Consumer groups say the now familiar post-disaster face plants of U.S. telecom networks are completely avoidable, and the direct result of industry lobbying to eliminate meaningful oversight of the sector on the state and federal level.

Three years after 2005’s Hurricane Katrina caused widespread wireless outages, the FCC approved new rules requiring that all cell tower sites have a modest 8 hours of battery backup in the case of a power outage—effectively the bare minimum. 

Backed by the Bush White House, the cellular industry successfully lobbied to scuttle the rules, claiming they would have created “a huge economic and bureaucratic burden” for the industry. Sprint, now part of T-Mobile, complained at the time such rules would have created “staggering and irreparable harm” to the wireless industry. 

In short, the U.S. wireless industry, which charges some of the highest rates in the world for mobile service, didn’t want to pay for fairly modest reliability upgrades. The industry’s successful bid to dismantle those rules would come to haunt victims of Hurricane Sandy in 2012, as well as victims of California’s historic 2019 wildfire season.

Incompetence by the local power utility (PG&E) helped kickstart that year’s disasters, and incompetence by the regional telecom companies perpetuated it. Shortly after the fires, FCC data showed that nearly half a million wireless subscribers lacked access to wireless phone service, again thanks to a lack of reliable backup power at many tower locations.

“Nobody likes to pay for emergency preparedness,” Harold Feld, a wireless policy expert and lawyer at consumer group Public Knowledge told Motherboard at the time. “That's why you need rules to force companies to spend the money. Companies will spend as little as they think they have to, which is why regulators need to tell them how much they have to spend.”

None of this is unfamiliar territory for the U.S. telecom sector, where companies routinely neglect aging infrastructure despite billions in taxpayer subsidies, tax breaks, and regulatory favors. Instead of holding telecom operators more accountable for these failures, the trend has largely been to strip away both state and federal oversight of regional telecom giants. 

“After Hurricane Katrina and Superstorm Sandy, both Congress and the FCC took a hard look at widespread outages,” Leo Fitzpatrick, a lawyer at consumer group Free Press, told Motherboard. “Instead of issuing a regulatory regime to address the identified vulnerabilities, such as a recommendation to require backup power on cell towers which carriers fiercely resisted, the FCC punted and put its faith in a voluntary regime devised by the industry.”

Time and time again, that faith has proven to be misplaced.
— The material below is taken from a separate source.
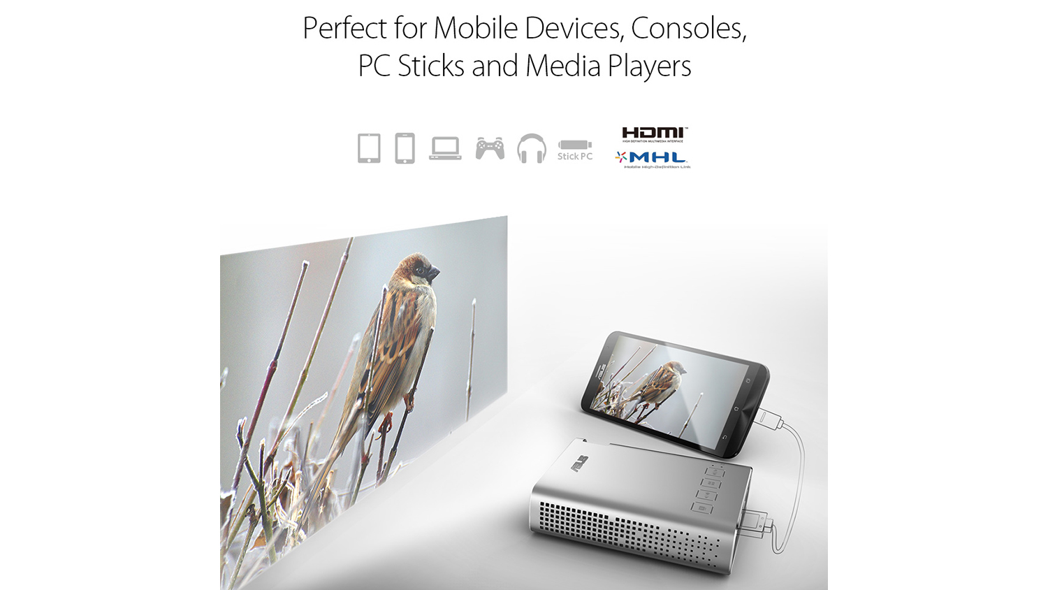 Portable and entertaining, the Asus ZenBeam E1 Portable LED Projector is a pocket-sized projector that allows you to view photos and videos by easily connecting devices such smartphone, game consoles, laptop, and other compatible media streamers to it. For additional convenience and quick connectivity, it comes with an HDMI cable and carrying case.
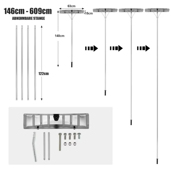 - Keturi prailginimo stulpai ir rankena suteikia lankstumą, keičiant ilgį nuo 1,48 iki 6,08 m.

As it was after hurricanes Irma and Maria caused widespread devastation in Puerto Rico, knocking 95 percent of the island’s cellular towers and 97 percent of its radio stations offline. Both the cellular industry—and the FCC—were heavily criticized for apathy and incompetence in recovery efforts. 

Despite repeated, obvious warnings that the status quo needs to change in the face of violent climate change, neither regulators nor industry appear to be getting the message. As a result, many of the nation’s telecom and power networks remain woefully unprepared for the challenges of today, much less the disasters of tomorrow.